# DanielFilan's Shortform Feed

This is a special post for quick takes by DanielFilan. Only they can create top-level comments. Comments here also appear on the Quick Takes page and All Posts page.

Rationality-related writings that are more comment-shaped than post-shaped. Please don't leave top-level comments here unless they're indistinguishable to me from something I would say here.

Frankfurt-style counterexamples for definitions of optimization

In "Bottle Caps Aren't Optimizers", I wrote about a type of definition of optimization that says system S is optimizing for goal G iff G has a higher value than it would if S didn't exist or were randomly scrambled. I argued against these definitions by providing a examples of systems that satisfy the criterion but are not optimizers. But today, I realized that I could repurpose Frankfurt cases to get examples of optimizers that don't satisfy this criterion.

A Frankfurt case is a thought experiment designed to disprove the following intuitive principle: "a person is morally responsible for what she has done only if she could have done otherwise." Here's the basic idea: suppose Alice is considering whether or not to kill Bob. Upon consideration, she decides to do so, takes out her gun, and shoots Bob. But little-known to her, a neuroscientist had implanted a chip in her brain that would have forced her to shoot Bob if she had decided not to. That said, the chip didn't activate, because she did decide to shoot Bob. The idea is that she's morally responsible, even tho she couldn't have done otherwise.

Anyway, let's do this with optimizers. Suppose I'm playing Go, thinking about how to win - imagining what would happen if I played various moves, and playing moves that make me more likely to win. Further suppose I'm pretty good at it. You might want to say I'm optimizing my moves to win the game. But suppose that, unbeknownst to me, behind my shoulder is famed Go master Shin Jinseo. If I start playing really bad moves, or suddenly die or vanish etc, he will play my moves, and do an even better job at winning. Now, if you remove me or randomly rearrange my parts, my side is actually more likely to win the game. But that doesn't mean I'm optimizing to lose the game! So this is another way such definitions of optimizers are wrong.

That said, other definitions treat this counter-example well. E.g. I think the one given in "The ground of optimization" says that I'm optimizing to win the game (maybe only if I'm playing a weaker opponent).

As far as I can tell, people typically use the orthogonality thesis to argue that smart agents could have any motivations. But the orthogonality thesis is stronger than that, and its extra content is false - there are some goals that are too complicated for a dumb agent to have, because the agent couldn't understand those goals.

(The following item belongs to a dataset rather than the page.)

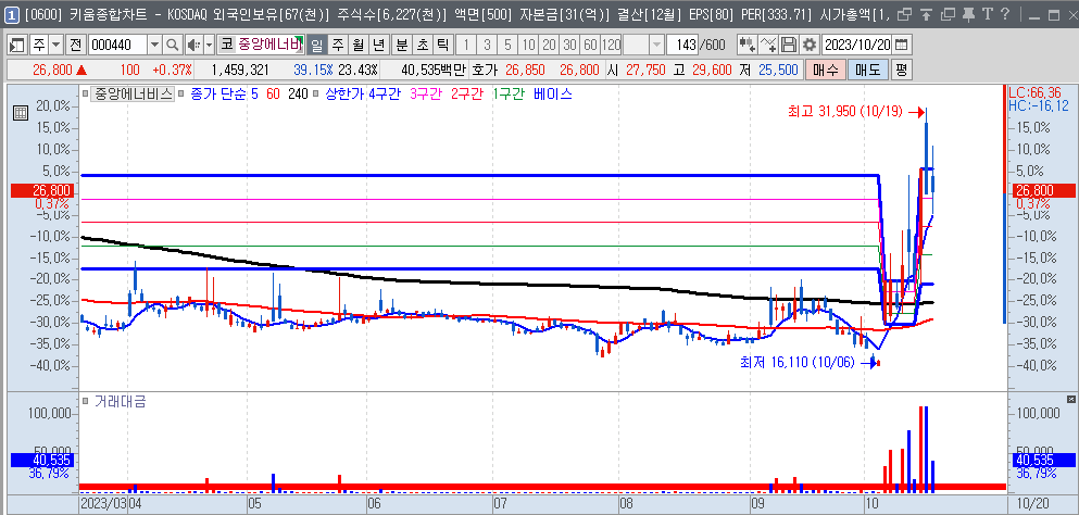 | 2023-10-18 | 000440 | 중앙에너비스 | 26,438 | 4/4 | 석유 화학 (국제 유가) |

I think people should instead directly defend the claim that smart agents could have arbitrary goals.

I no longer endorse this claim about what the orthogonality thesis says.

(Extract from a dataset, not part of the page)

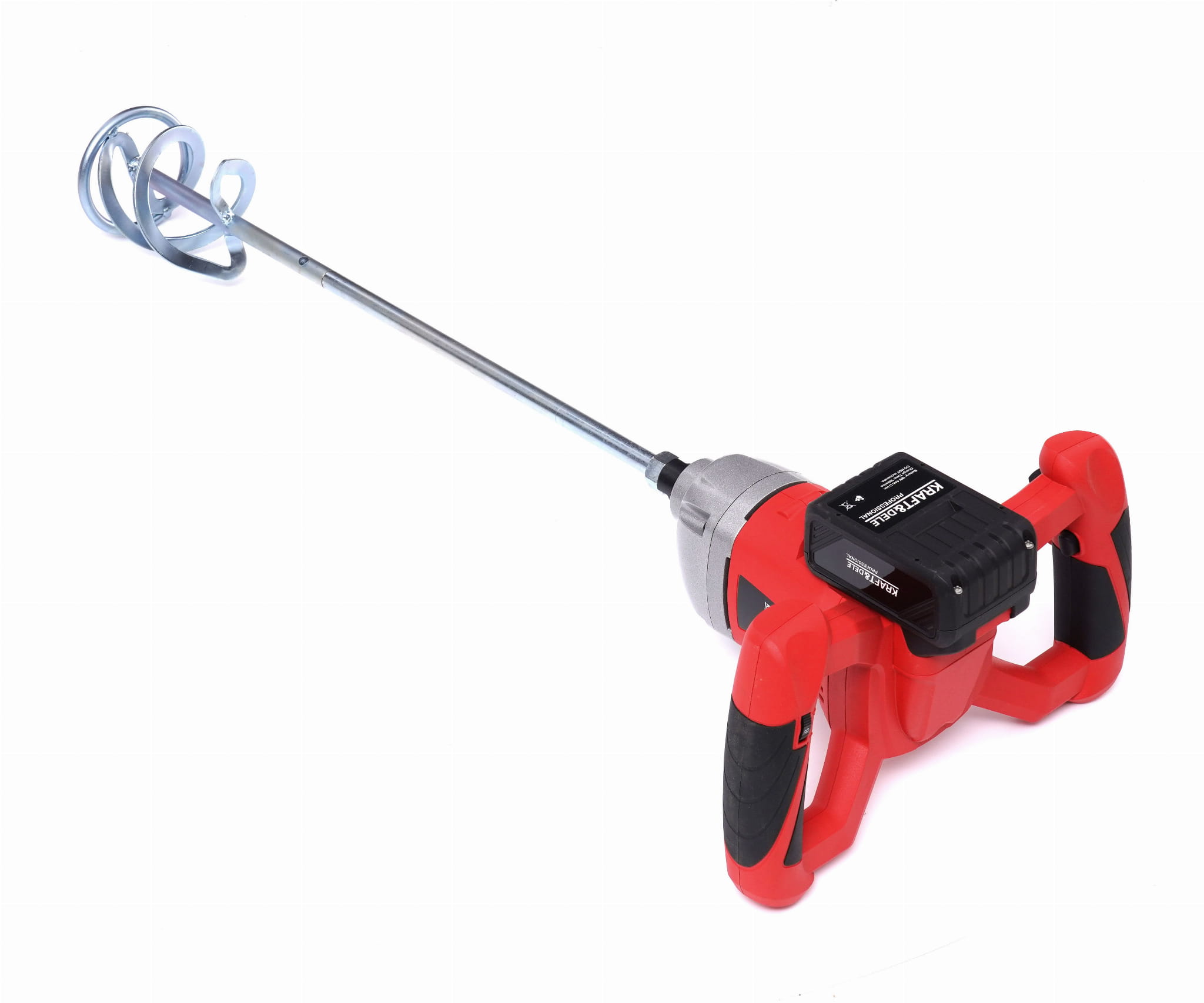 Mieszadło akumulatorowe jest idealne do mieszania farb, klejów, gipsu, zapraw tynkarskich, zapraw wapiennych, cementowych, żywic epoksydowych, niepalnych chemikaliów itp. Jeżeli planuje się remont lub prace budowlane mieszadło stanowi obowiązkowe wyposażenie .Montaż mieszalnika odbywa się za pomocą mocnego gwintu o standardowym wymiarze M14, dzięki czemu szybka wymiana to prosty i szybki zabieg w tej maszynie a dokupienie mieszalników nie sprawia kłopotu gdyż jest to popularny i niedrogi system mocowania mieszalników.

Here's a project idea that I wish someone would pick up (written as a shortform rather than as a post because that's much easier for me):

• It would be nice to study competent misgeneralization empirically, to give examples and maybe help us develop theory around it.
• Problem: how do you measure 'competence' without reference to a goal??
• Prior work has used the 'agents vs devices' framework, where you have a distribution over all reward functions, some likelihood distribution over what 'real agents' would do given a certain reward function, and do Bayesian inference on that vs choosing actions randomly. If conditioned on your behaviour you're probably an agent rather than a random actor, then you're competent.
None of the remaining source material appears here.